Шрифт:
Интервал:
Закладка:
После Лежанки армия двинулась в направлении станицы Кореновской, где нас ждали уже подошедшие части дивизии Сорокина. Это уже были более активные бойцы, но, главное, их было чуть не в десять раз больше нас. Кроме того, и вооружены они были больше, чем мы.
Около станицы мы приняли неравный бой, ибо драться нам приходилось один на десять. Мы были окружены со всех сторон сорокинцами.
Положение становилось катастрофическим. Пришлось втянуть в бой все наши части. Дрались мы отчаянно, но все же нас было слишком мало, чтобы сломить наступающую на нас массу. На нашем фланге, которым командовал генерал А. П. Богаевский, было немало потерь, и силы наши таяли чуть ли не по минутам. Наш храбрейший генерал Казанович уже неоднократно просил генерала Богаевского о поддержке, на что тот только указывал на небо.
– Бывало и хуже, ваше превосходительство, в германскую, но умели как-то выходить из положения, на то у нас теперь весь мозг командования.
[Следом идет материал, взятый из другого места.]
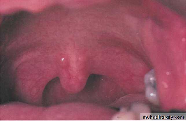 This is a variant of herpangina caused by coxsackievirus A10. The distribution of the lesions is the same as in herpangina, but yellow-white nodules appear that do not progress to vesicles or ulcers. The disease is self-limiting, and only supportive care is indicated. Symptomatic treatment directed toward antipyretic & topical anesthetic , also patient should be given proper hydration .Tow pink nodules immediately superior to the uvula with lateral adjacent erythema of the soft palat

Им виднее, когда нужна поддержка, – ответил он на четыре просьбы о присылке пополнения.
Но в это время наш фланг дрогнул… Мы готовы были отступить. Но куда, думал каждый из нас, когда со всех сторон лезут на нас сотни.
Видя это, генерал Богаевский решил обратиться к генералу Корнилову, который не замедлил прислать нам «поддержку» в количестве 10 пехотинцев и нескольких конных, но это, конечно, была только капля в бушующем море. Но и эта горсть была помощью, ибо она была сильна духом.
Красные теснили наши фланги со всех сторон, и положение становилось все опаснее, что, видимо, и учел сам генерал Богаевский, решивший обратиться снова к Верховному. На это последний с неудовольствием ответил, что сегодня он не узнает генерала Богаевского – ведь ему уже послана поддержка, и больше посылать нечего…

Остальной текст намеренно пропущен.